Around the corner from the factory, a grey four-wheel-drive pulled into a space. Someone got out.
‘I think the shift’s changing,’ I said.
At the corner, the person turned left, went directly to my front door.
‘Shift change or someone visiting me,’ I said.
The door opened, someone came out, the newcomer went in, the door closed.
‘New shift,’ I said.
The man walked around the corner. He was going to his replacement’s car… no, he walked past it, I lost sight of him, he had his own car, probably in the next street.
‘The new one’s parked just around the corner,’ I said.
‘Cheeky,’ said Cam. ‘That’s not acceptable. Got anything to mark it?’

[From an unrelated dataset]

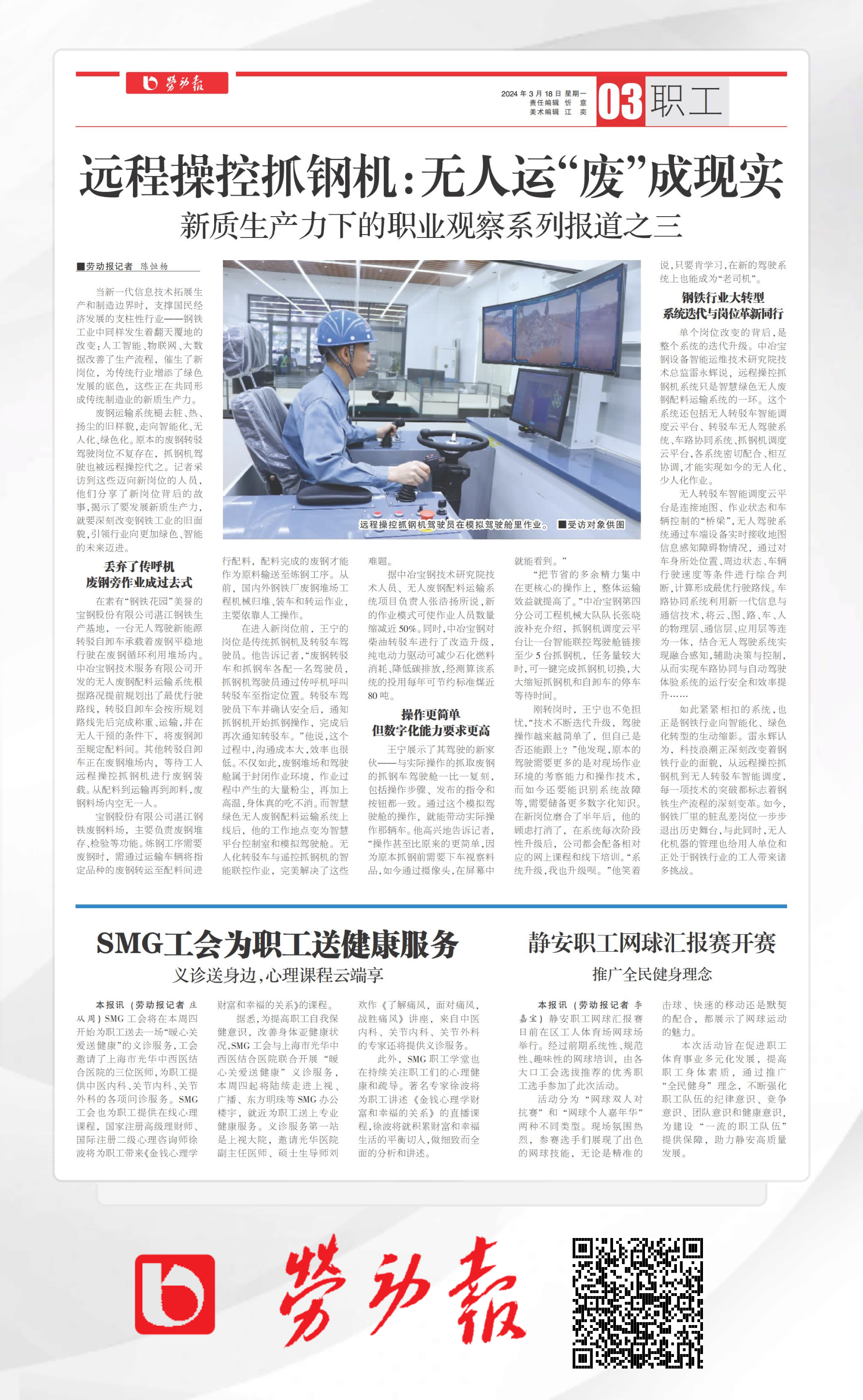 《勞動報》:新質生產力下的職業觀察系列報道之三——遠程操控抓鋼機:無人運“廢”成現實

I opened the glovebox, rummaged around, found a roll of masking tape. I told Cam. He gave instructions.
‘Is this wise?’ I said.
‘Beats me,’ said Cam.
I was back in the same parking place inside ten minutes, got out my little silver flask, watched, had a few sips, the lovely burn of neat single malt, a kind of smoking. An occasional car, the odd person crossing the park in the drizzle, men, young, in a hurry, late for the children’s bathtime at home perhaps. They would die regretting every chance missed to nuzzle a plump, powdered tummy.
Fifteen minutes went by. The mobile rang.
‘Any minute,’ said Cam. ‘Probably best you don’t go home tonight. I can fix you up.’